Apesar da abertura comercial, especialistas apontam que o principal obstáculo não está na produção, mas na capacidade de organização e adequação às exigências do mercado europeu.

A necessidade de consolidar sistemas de rastreabilidade, comprovação de origem e conformidade ambiental exige investimentos e coordenação entre produtores, cooperativas e exportadores.

Cenário político e limites do acordo

Outro ponto relevante é que o acordo mais amplo entre Mercosul e União Europeia ainda não foi totalmente ratificado, especialmente no que se refere às cláusulas ambientais. No entanto, a entrada em vigor do pilar comercial reduz a capacidade de países críticos ao acordo de interferirem no curto prazo.
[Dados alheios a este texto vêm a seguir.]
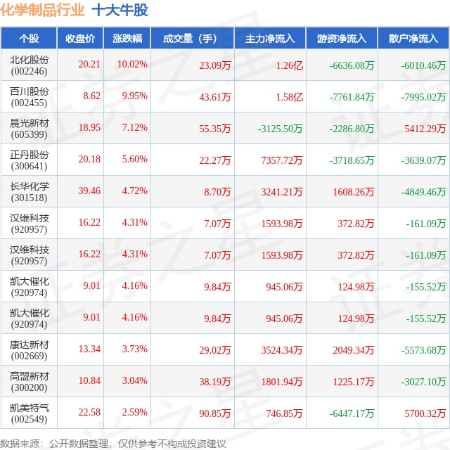 个股表现方面,化学制品行业当日领涨股为北化股份(002246),该股当日报收20.21,上涨10.02%,成交量23.09万,主力资金净流入1.26亿元。百川股份(002455)以上涨9.95%紧随其后,该股当日成交量43.61万,主力资金净流入1.58亿元。除此之外,晨光新材(605399)、正丹股份(300641)、长华化学(301518)均进入当日牛股之列。具体个股列表见下表: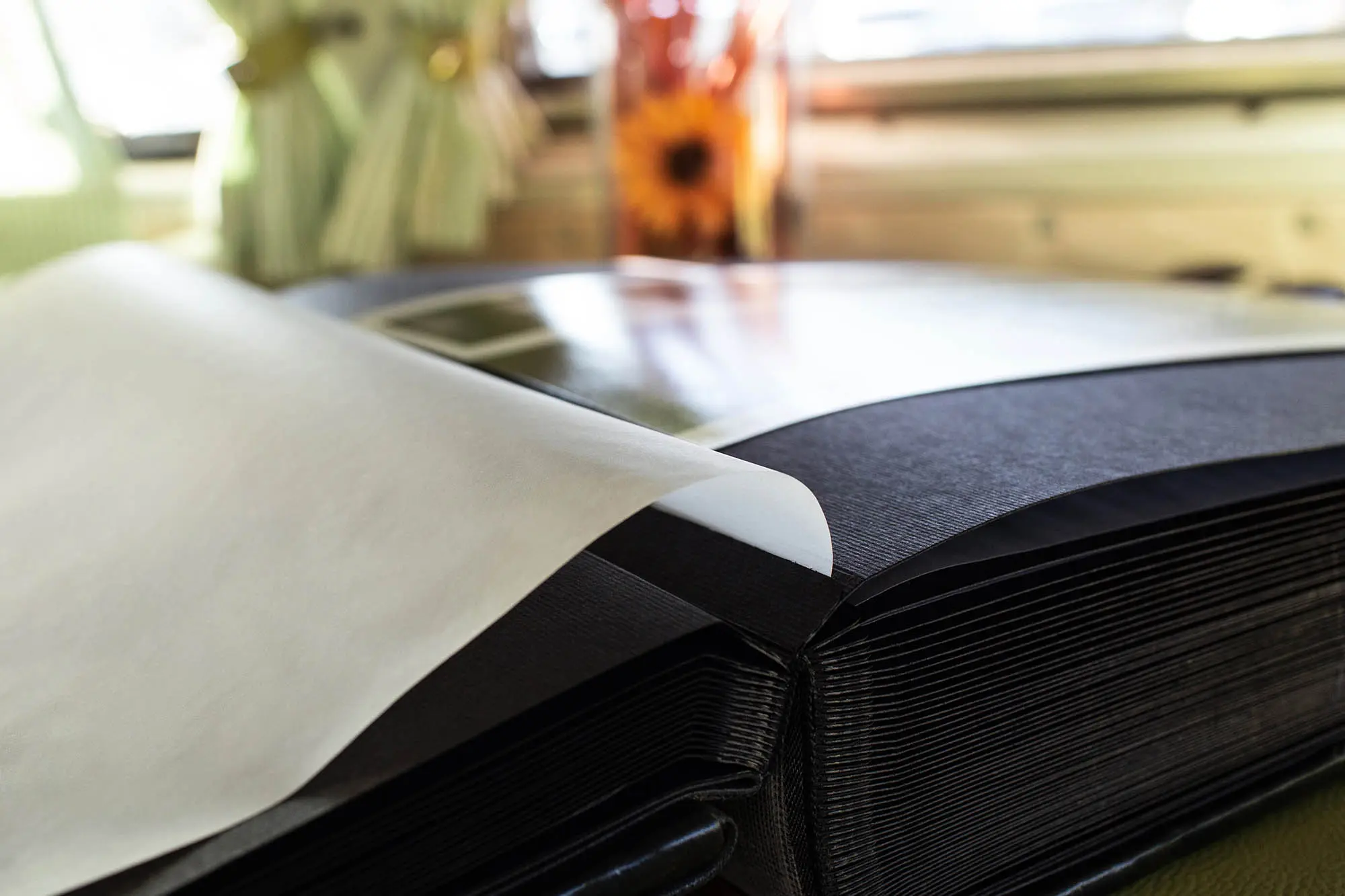 album con o senza velina, multiformato, passepartout, vari tipi di copertine (tessuti, ecopelle, cuoio)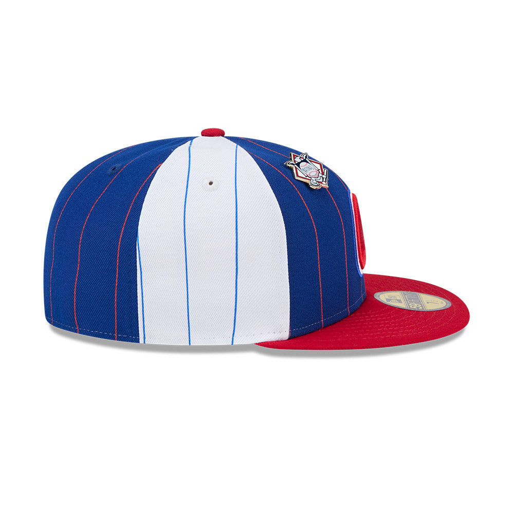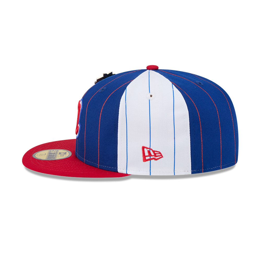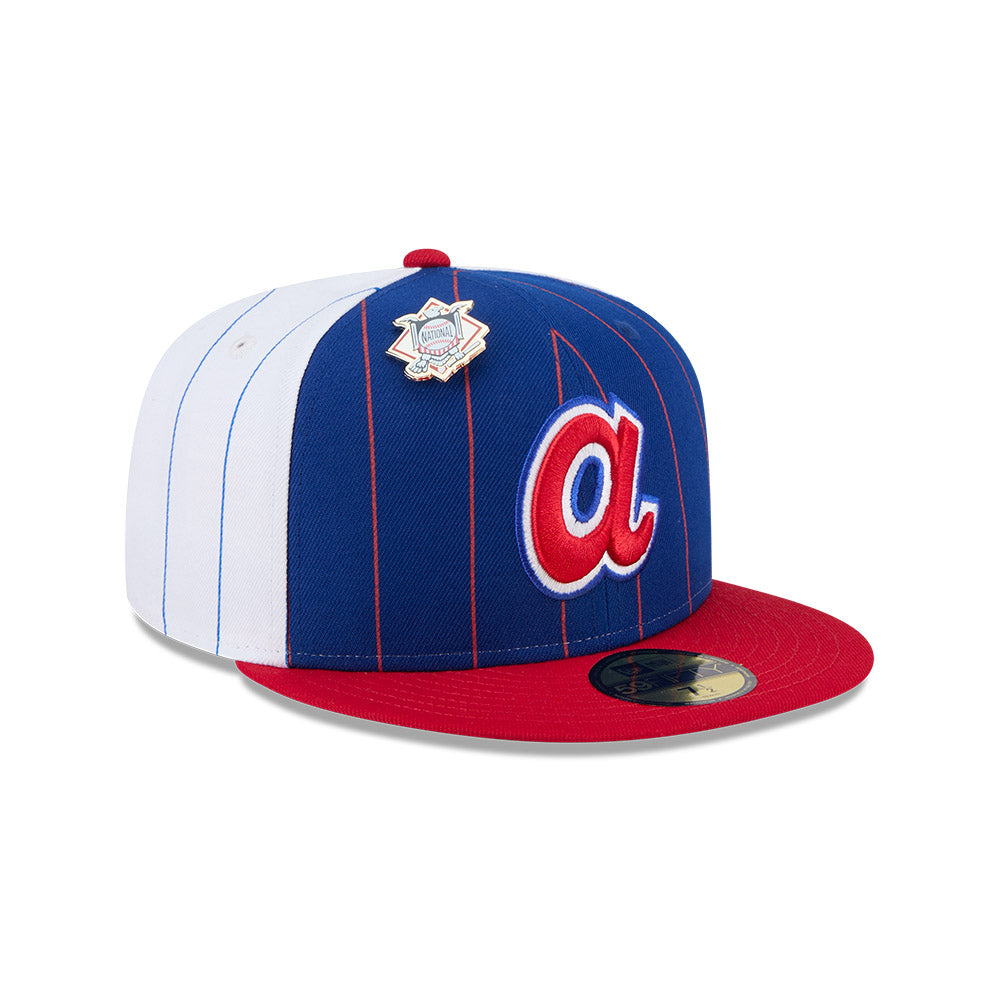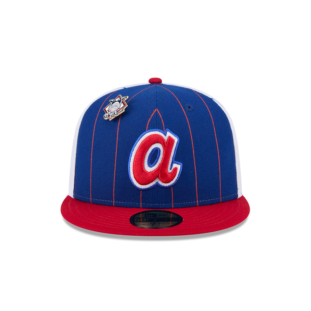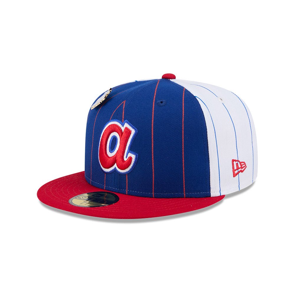 Esta gorra plana New Era 59FIFTY de Atlanta Braves de la colección MLB Pinstripe League Pin presenta un diseño a rayas con el logotipo de los Braves bordado en los paneles frontales acompañado de un pin de la Liga de la MLB a la que pertenecen, el MLB Batterman al reverso y el flag de New Era bordado del lado izquierdo. Cómprala ya.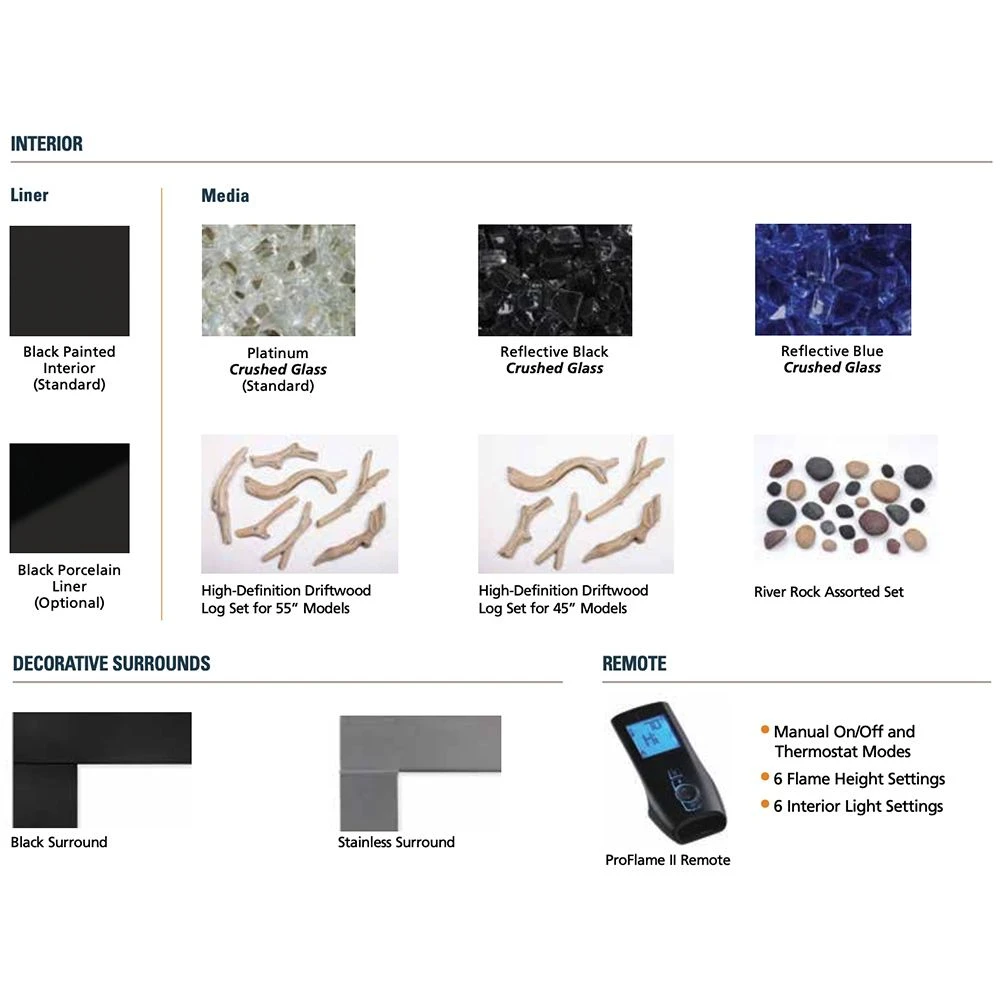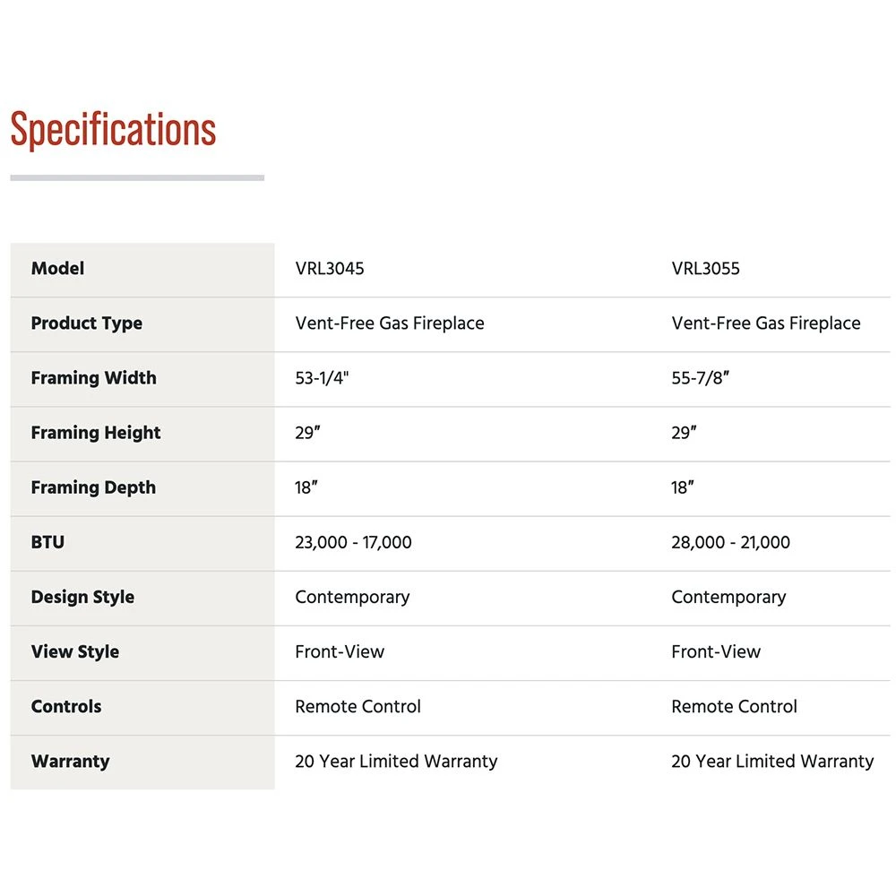 Superior VRL3045 45-Inch Electronic Ignition Vent-Free Gas Fireplace with Remote, Lights & Crushed Glass Media provides a beautiful contemporary gas vent-free fireplace for your space. This premium fireplace offers a combination of beauty and performance capable of making it the centerpiece of any space. Featuring contemporary fire glass and a powerful burner system designed to produce tall, dancing flames, this breathtaking unit offers an impressive firebox. The standard black bezel and barrier screen offer a neutral appearance that works well in any room, while interior and mood lighting offer enhanced ambiance. The electronic ignition includes battery backup to provide continued operation in the event of a power outage, while a multi-function remote control offers enhanced convenience.

Na prática, isso significa que a redução de tarifas já passa a valer, mesmo sem consenso total dentro do bloco europeu.

Perspectivas para o agro brasileiro

A implementação do acordo inaugura uma nova fase para o comércio entre Brasil e União Europeia, com potencial de ampliar exportações e diversificar mercados. No entanto, o sucesso dessa abertura dependerá diretamente da capacidade do agronegócio brasileiro de atender às exigências regulatórias e fortalecer sua competitividade internacional.

A janela está aberta, mas o avanço efetivo dependerá da adaptação do setor às novas regras do comércio global.